#### Material provided
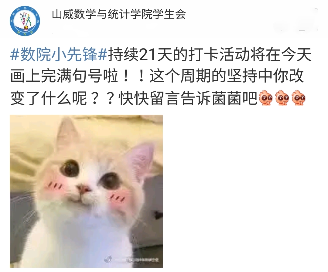 本站讯 4月5号至4月25号期间taptap点点体育学生会举办了为期21天的“数院小先锋”微博线上打卡活动,学生会全体成员参与了此次活动。
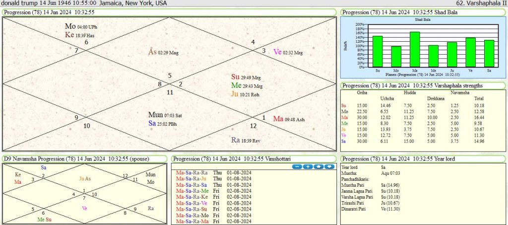At show running varshphal 79th year in the horoscope of Donald Trump .Leo lagna is rising. This is Dwi janam lagna. Donald Trump has faced a life threat by an unknown gunman. He was saved by a miracle in this running 79TH year Varshphal. In this year, Donald Trump will win the presidential election. He will defeat an unknown presidential candidate of the Democratic party in the Nov-2024 election of America..In 79th year lagna lord Sun is well posited in 10th. The 5th and 8th houses are influenced by Jupiter. Mercury is lord of 11th and 2nd houses. These are two benefic planets. 10th lord Venus is posited in 11th house of gain. This combination shows gains to Donald Trump in this coming presidential election of the USA of Nov-2024
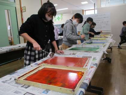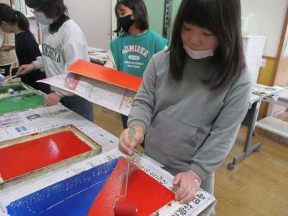 図工の時間に彫り進めてきた版画の背景に色を付けました。背景がきれいな色になるように、隅々まで色を付けたり、バレンで優しく擦ったりしました。丁寧に一生懸命に刷ったのでどの作品も素敵な背景になりました。完成が楽しみですね!
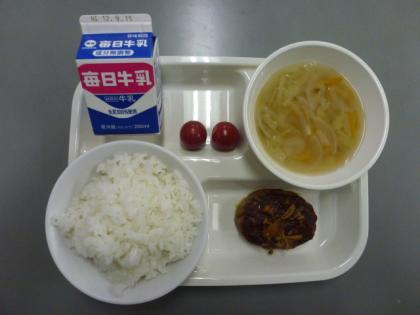 ごはん、ハンバーグきのこソース、ミニトマト、コンソメスープ、牛乳
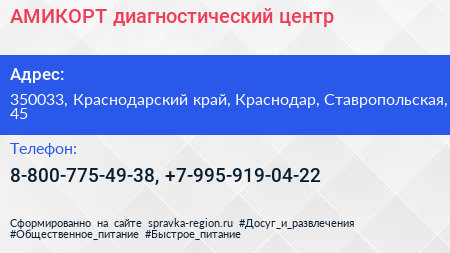 АМИКОРТ, диагностический центр по адресу 350033, Краснодарский край, Краснодар, Ставропольская, 45 в дальнейшем Организация, размещена в следующих категориях:
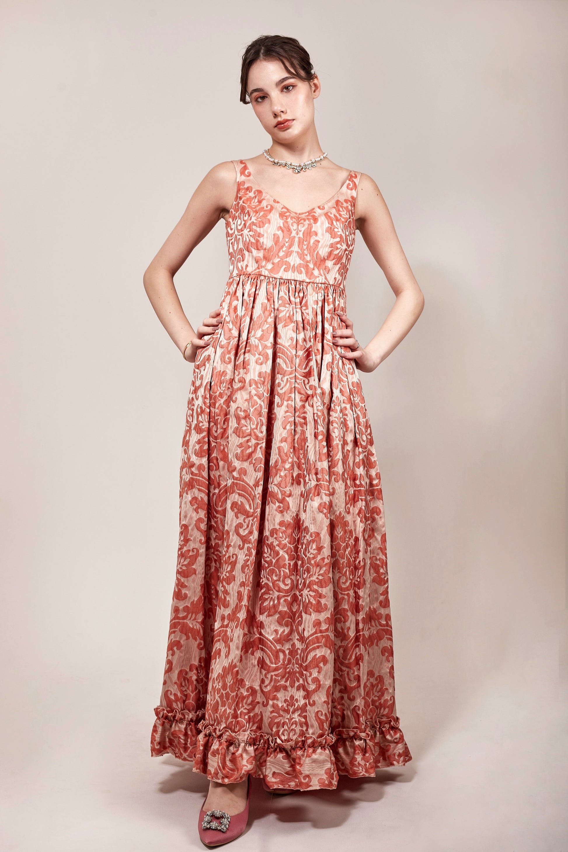 Crafted from luxurious moire damask in a pretty coral shade, this dress is perfect for any special occasion.
########
--- Exercise directions ---
Output each record above exactly as written. Skip any pictures.

--- Finished exercise ---
 本站讯 4月5号至4月25号期间taptap点点体育学生会举办了为期21天的“数院小先锋”微博线上打卡活动,学生会全体成员参与了此次活动。
At show running varshphal 79th year in the horoscope of Donald Trump .Leo lagna is rising. This is Dwi janam lagna. Donald Trump has faced a life threat by an unknown gunman. He was saved by a miracle in this running 79TH year Varshphal. In this year, Donald Trump will win the presidential election. He will defeat an unknown presidential candidate of the Democratic party in the Nov-2024 election of America..In 79th year lagna lord Sun is well posited in 10th. The 5th and 8th houses are influenced by Jupiter. Mercury is lord of 11th and 2nd houses. These are two benefic planets. 10th lord Venus is posited in 11th house of gain. This combination shows gains to Donald Trump in this coming presidential election of the USA of Nov-2024
 図工の時間に彫り進めてきた版画の背景に色を付けました。背景がきれいな色になるように、隅々まで色を付けたり、バレンで優しく擦ったりしました。丁寧に一生懸命に刷ったのでどの作品も素敵な背景になりました。完成が楽しみですね!
 ごはん、ハンバーグきのこソース、ミニトマト、コンソメスープ、牛乳
 АМИКОРТ, диагностический центр по адресу 350033, Краснодарский край, Краснодар, Ставропольская, 45 в дальнейшем Организация, размещена в следующих категориях:
 Crafted from luxurious moire damask in a pretty coral shade, this dress is perfect for any special occasion.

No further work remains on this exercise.